Perang Drone di Timur Tengah Makin Gencar
2 Juli 2021Akhir pekan lalu, AS melancarkan serangan udara terhadap kelompok-kelompok militan yang didukung Iran dekat perbatasan Irak-Suriah. Menurut sebuah pernyataan yang dikeluarkan pejabat pertahanan AS, serangan itu adalah pembalasan atas serangan pesawat tak berawak yang dilakukan terhadap pasukan Amerika di wilayah Irak.
Militer AS mengatakan, bahwa drone, yang dalam istilah militer disebut Unmanned Aerial Vehicles (UAV), telah digunakan menyerang personel mereka setidaknya lima kali sejak April lalu. Dalam serangan terbaru, sebuah drone bersenjata diledakkan di ruang makan yang digunakan oleh warga Amerika di dalam bandara Baghdad. Serangan drone lain merusak hanggar Amerika di Irak utara.

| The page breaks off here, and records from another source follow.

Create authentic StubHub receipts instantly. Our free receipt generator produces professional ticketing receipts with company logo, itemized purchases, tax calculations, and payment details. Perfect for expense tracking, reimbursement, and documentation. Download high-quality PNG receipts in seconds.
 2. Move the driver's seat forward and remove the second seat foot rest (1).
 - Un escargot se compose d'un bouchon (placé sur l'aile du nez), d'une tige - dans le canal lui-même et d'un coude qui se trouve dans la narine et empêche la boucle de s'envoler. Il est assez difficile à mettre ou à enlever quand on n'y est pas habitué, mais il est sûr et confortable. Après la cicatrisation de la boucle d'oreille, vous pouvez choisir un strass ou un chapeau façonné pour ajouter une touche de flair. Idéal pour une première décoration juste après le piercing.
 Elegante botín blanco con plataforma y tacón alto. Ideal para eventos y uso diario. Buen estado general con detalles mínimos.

Serangan dengan pesawat tak berawak memang makin sering terjadi di kawasan Timur Tengah, tidak hanya oleh militer untuk menyerang lawan, melainkan juga oleh aktor non-negara di sana, seperti kelompok milisi di Irak, Yaman, dan Suriah.
Penelitian Institut Studi Politik Internasional (ISPI) yang berbasis di Milan menunjukkan bahwa negara-negara Timur Tengah (tidak termasuk Israel) menghabiskan setidaknya 1,5 miliar dolar AS untuk membeli drone militer selama lima tahun terakhir.

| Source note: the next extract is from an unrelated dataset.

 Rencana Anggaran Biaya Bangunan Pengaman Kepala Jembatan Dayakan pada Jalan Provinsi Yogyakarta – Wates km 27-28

Drone menjamin keunggulan dari udara
Di Timur Tengah, Israel adalah pembuat drone paling canggih. Tetapi Israel jarang memberikan atau menjual teknologinya kepada negara lain, apalagi yang dianggap berpotensi menjadi musuh. Kebanyakan drone di kawasan ini berasal dari Turki, Iran, Uni Emirat Arab, dan Cina sebagai pemasok drone utama.
Iran memiliki salah satu program drone terlama, kata peneliti ISPI Frederico Borsari. Terhambat oleh sanksi internasional dan kesulitan merawat atau memperbarui pesawat-pesawat tempurnya, Iran telah lama memahami bahwa drone dapat menambah kekuatan udara mereka, kata Borsari.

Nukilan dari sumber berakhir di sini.